I have reached a mid life crisis. I am 37 years old. At this rate, I will die at 74. I’m sure that is the formula that everyone uses to figure out how long they are going to live, right?
Unfortunately I am one of those people that cannot convince myself that my job is simply a means to an end, not the end itself. I must find meaning in my job as I do in my life…Guess what that means children??? That’s right! All the jobs that have meaning to me have a really crappy pay scale.
What is the koen for my present job?
“What is the sound of one soul sucking?”
For those that believe that their job is just a means to an end, their job must give them enough money to actually afford the end, or at least an exciting middle. My job pays me more than most comparable jobs and that is the damn sticky wicket. I worked in non-profit happily but impoverished for five years. When our roof started to leak and we couldn’t afford to fix it, the rubber met the proverbial road. I got a new job and I have been on an upwardly mobile pay scale and a drastically decreasing happiness scale. Now that our house is fixed and we are in debt for that, I believe I am stuck.

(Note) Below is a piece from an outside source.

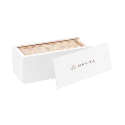 den stacking game (48 blocks). Tower dimensions 16.5 x 6 x 6 cm. Presented with a white, wooden box with sliding opening for easy storage. Incl. instructions. Packed individually.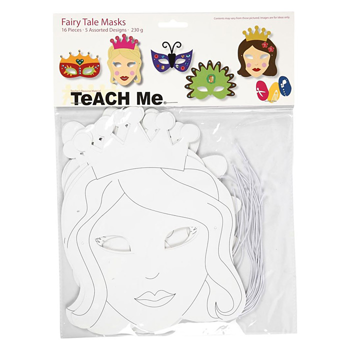 Muotoonleikatut valkoiset pahvinaamiot, jotka voi värittää ja koristella mieleisekseen. Pahvin vahvuus 230g/m2. Naamioiden korkeudet noin 13,5-25 cm ja leveydet 17-25 cm. Pakkauksessa 16 kpl naamioita. Kuminauhat tulevat mukana.

My current retirement plan is to have a massive coronary while at my desk. I will be sure not to call 911 because I can’t afford to take the time off work so I had better die from it. I’m keeping an emergency supply of rat poison in case I only have a mild coronary.
So that is what is rolling around in my head as I watch my kids do volunteer work this summer and explore their likes and dislikes when it comes to the wide wide world. Should I do what my mother did with me and pound it into their heads that you MUST HAVE A JOB THAT PAYS WELL NO MATTER WHAT!? My mom worked on the assembly line for General Motors. She worked at a mind numbing, muscle aching job for good wages, good benefits, and managed to raise three girls on her own. She ended up going through two bouts with cancer and while undergoing chemo therapy and all of its ensuing nausea and weakness, she never missed a day of work. Until she died that is. Hey, at least we shared the same ideas on retirement! All this to say, I wish I had her ability to turn off my mind and just do my damn job and stop caring that I feel like it is dragging me down to a very dark place.
I will be able to someday pay for my roof. I will be able to someday pay off my medical bills. I will someday be able to tell my children that they better get some damn scholarships and financial aid and three jobs at a time in order to get through college because even if they wanted me to cash in my retirement plan to pay for their college, all that will get them is a box of rat poison and a DNR.
I have my first summertime vacation coming up next week. After that, the job hunt goes into high gear.
It’s a good thing I can’t drink on my owie-pee pee diet…I might never stop.